Vatikanstadt - Mittwoch, 4. August 2021, 14:03 Uhr.
Papst Franziskus hat am Mittwoch gesagt, dass Christen die Wahrheit des Evangeliums "so annehmen müssen, wie sie verkündet wurde", ohne zu versuchen, mit ihr zu "verhandeln". In seiner Rede bei der Generalaudienz in der Paul-VI-Halle des Vatikans am 3. August sagte der Papst, dass es keinen Raum für Kompromisse bezüglich des Evangeliums gebe.
"Mit der Wahrheit des Evangeliums kann man nicht verhandeln. Entweder man nimmt das Evangelium so an, wie es ist, wie es verkündet wurde, oder man nimmt etwas anderes an. Aber mit dem Evangelium kann man nicht verhandeln", sagte er.
"Man kann keine Kompromisse eingehen. Mit dem Glauben an Jesus kann man nicht verhandeln: Er ist Rettung, er ist Begegnung, er ist Erlösung. Er lässt sich nicht unter Wert verschachern." Die Audienz fand in der Aula Paul VI. statt, weil es dort kühler ist als im Innenhof von San Damaso, wo der Papst seit seiner Wiederaufnahme der Generalaudienz mit der Öffentlichkeit am 12. Mai die Mittwochsversammlungen abhält.
Die Pilger saßen dicht beieinander, trugen Gesichtsschutz und applaudierten mehrmals während der Generalaudienz - der ersten des Papstes seit seiner Darmoperation am 4. Juli. Der Papst betrat den Saal, der eine Aufnahmekapazität von 6.300 Personen hat, mit einer Gesichtsmaske. Il Sismografo, ein italienischer katholischer Nachrichtendienst, der den Vatikan genau beobachtet, kommentierte, dass der Papst während der gesamten Audienz "in guter Verfassung, agil, aufmerksam und ansprechbar" zu sein schien.
"Genau einen Monat nach der Operation scheint sich Papst Franziskus vollständig und schnell wieder erholt zu haben", hieß es.
Die per Livestream übertragene Ansprache des Papstes, die dem Thema "Es gibt nur ein Evangelium" gewidmet war, war die dritte in einem neuen Zyklus von Katechesen über den Brief des Heiligen Paulus an die Galater.
Der Papst begann seine Ansprache mit der Feststellung, dass der heilige Paulus sich voll und ganz seinem Auftrag zur Evangelisierung widmete.
Aus diesem Grund sei der Brief des Apostels an die Gemeinde in Galatien, in der heutigen Türkei, von "Traurigkeit", "Enttäuschung" und sogar "bitterer Ironie" geprägt.
Paulus war der Meinung, dass die Mitglieder der Gruppe den falschen Weg einschlugen, da sie davon überzeugt waren, dass Nichtjuden, wenn sie zum Christentum konvertierten, das mosaische Gesetz, einschließlich der Beschneidung, einhalten sollten.
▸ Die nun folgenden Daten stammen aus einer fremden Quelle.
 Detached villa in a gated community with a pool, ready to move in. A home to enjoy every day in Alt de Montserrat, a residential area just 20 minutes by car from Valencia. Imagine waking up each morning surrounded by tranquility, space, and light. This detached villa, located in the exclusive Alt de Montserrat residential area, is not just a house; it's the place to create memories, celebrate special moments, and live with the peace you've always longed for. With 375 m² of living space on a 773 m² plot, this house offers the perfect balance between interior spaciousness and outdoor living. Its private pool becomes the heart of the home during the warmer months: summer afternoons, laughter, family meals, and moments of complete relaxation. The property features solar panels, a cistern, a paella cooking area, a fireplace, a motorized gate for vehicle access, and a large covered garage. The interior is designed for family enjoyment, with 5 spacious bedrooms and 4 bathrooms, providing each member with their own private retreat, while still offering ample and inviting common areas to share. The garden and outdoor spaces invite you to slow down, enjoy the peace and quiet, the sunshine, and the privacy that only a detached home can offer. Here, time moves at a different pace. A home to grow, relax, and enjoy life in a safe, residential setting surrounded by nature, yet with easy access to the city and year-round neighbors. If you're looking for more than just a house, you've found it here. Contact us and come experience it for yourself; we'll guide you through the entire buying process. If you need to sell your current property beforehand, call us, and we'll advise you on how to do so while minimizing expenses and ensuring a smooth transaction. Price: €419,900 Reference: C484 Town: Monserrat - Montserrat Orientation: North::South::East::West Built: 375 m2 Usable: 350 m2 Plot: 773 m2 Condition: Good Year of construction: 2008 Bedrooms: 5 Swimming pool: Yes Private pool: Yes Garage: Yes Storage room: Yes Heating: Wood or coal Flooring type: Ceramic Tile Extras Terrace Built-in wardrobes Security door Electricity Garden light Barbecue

Der Papst betrachtete die einleitende Warnung des Paulus (Galater 1,6-8), dass die Gemeinschaft auf Abwege gerate, indem sie "ein anderes Evangelium" annehme.
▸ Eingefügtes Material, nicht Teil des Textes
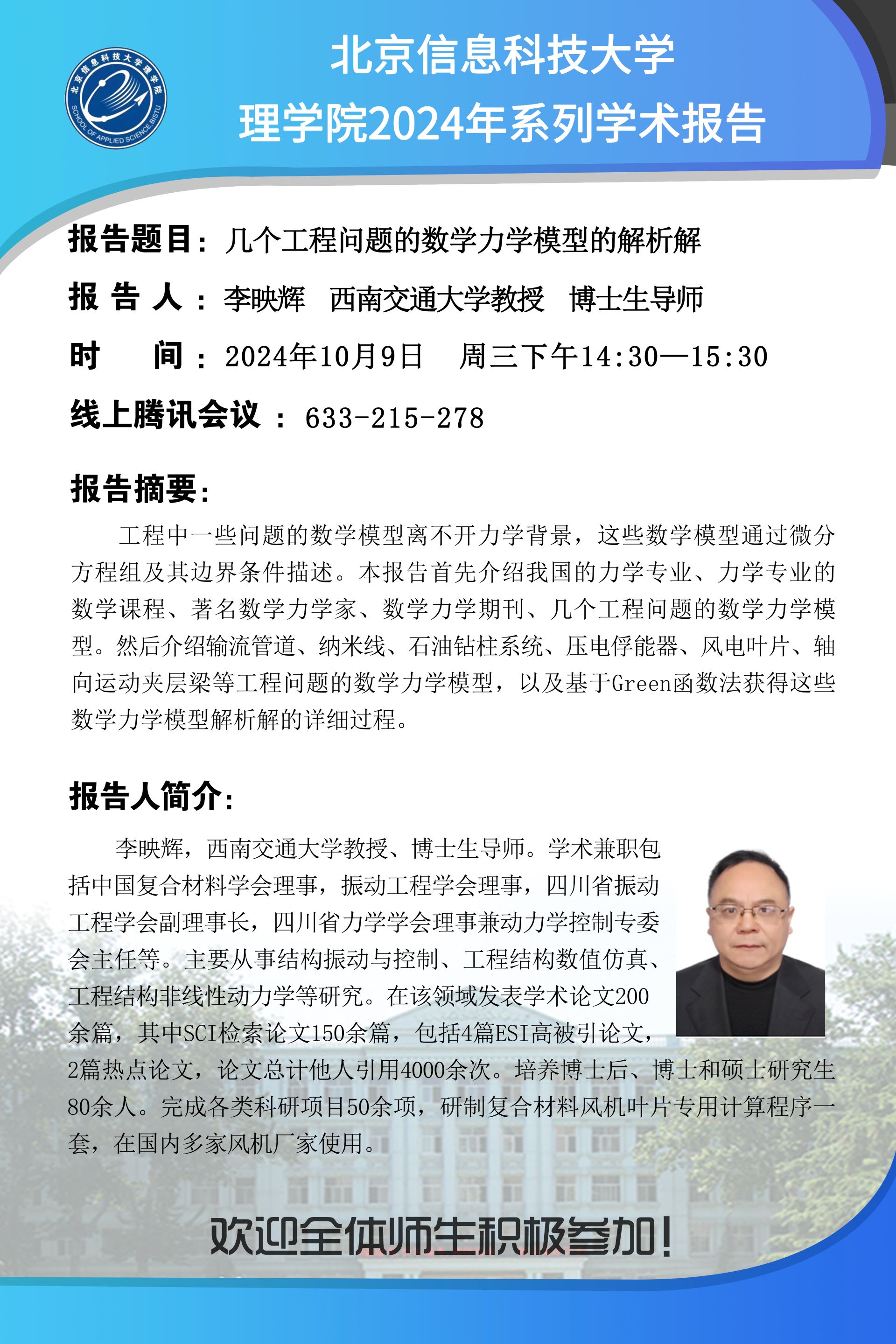 - 2024-10-18 几个工程问题的数学力学模型的解析解(李映辉 教授 西南交通大学)

"Der Dreh- und Angelpunkt, um den sich alles dreht, ist das Evangelium", so der Papst. "Paulus denkt nicht an die 'vier Evangelien', wie es für uns selbstverständlich ist. In der Tat war zu der Zeit, als er diesen Brief schreibt, noch keines der vier Evangelien geschrieben worden."
"Für ihn ist das Evangelium das, was er predigt, das, was man das Kerygma nennt, das heißt die Verkündigung. Und welche Verkündigung? Die des Todes und der Auferstehung Jesu als Quelle des Heils. Ein Evangelium, das sich in vier Verben ausdrückt: 'Christus ist für unsere Sünden gestorben nach der Schrift, er ist begraben worden, dass er am dritten Tag auferstanden ist nach der Schrift, und er ist Kephas erschienen, dann den Zwölfen' (1 Korinther 15,3-5)."
"Dies ist die Verkündigung des Paulus, die Verkündigung, die allen Leben gibt. Dieses Evangelium ist die Erfüllung der Verheißungen und die Rettung, die allen Menschen angeboten wird. Wer es annimmt, ist mit Gott versöhnt, wird als wahrer Sohn aufgenommen und empfängt das Erbe des ewigen Lebens".
Der Papst sagte, dass der heilige Paulus nicht verstehen konnte, warum die Galater ein anderes "Evangelium" vorziehen würden, wenn ihnen ein so großes Geschenk angeboten wird.
"Es ist jedoch zu bemerken, dass diese Christen das von Paulus verkündete Evangelium noch nicht aufgegeben haben", so der Papst. "Der Apostel weiß, dass sie noch rechtzeitig sind, um keinen falschen Schritt zu tun, aber er warnt sie nachdrücklich, sehr nachdrücklich. Sein erstes Argument weist direkt auf die Tatsache hin, dass die Verkündigung der neuen Missionare - die, die Neues bringen, die predigen - nicht das Evangelium sein kann".
"Im Gegenteil, es ist eine Verkündigung, die das wahre Evangelium verfälscht, weil sie sie daran hindert, die Freiheit zu erlangen, die sie durch den Glauben erlangt haben - das ist doch das Schlüsselwort, oder? -- Sie hindert sie daran, die Freiheit zu erlangen, die man durch den Glauben erlangt."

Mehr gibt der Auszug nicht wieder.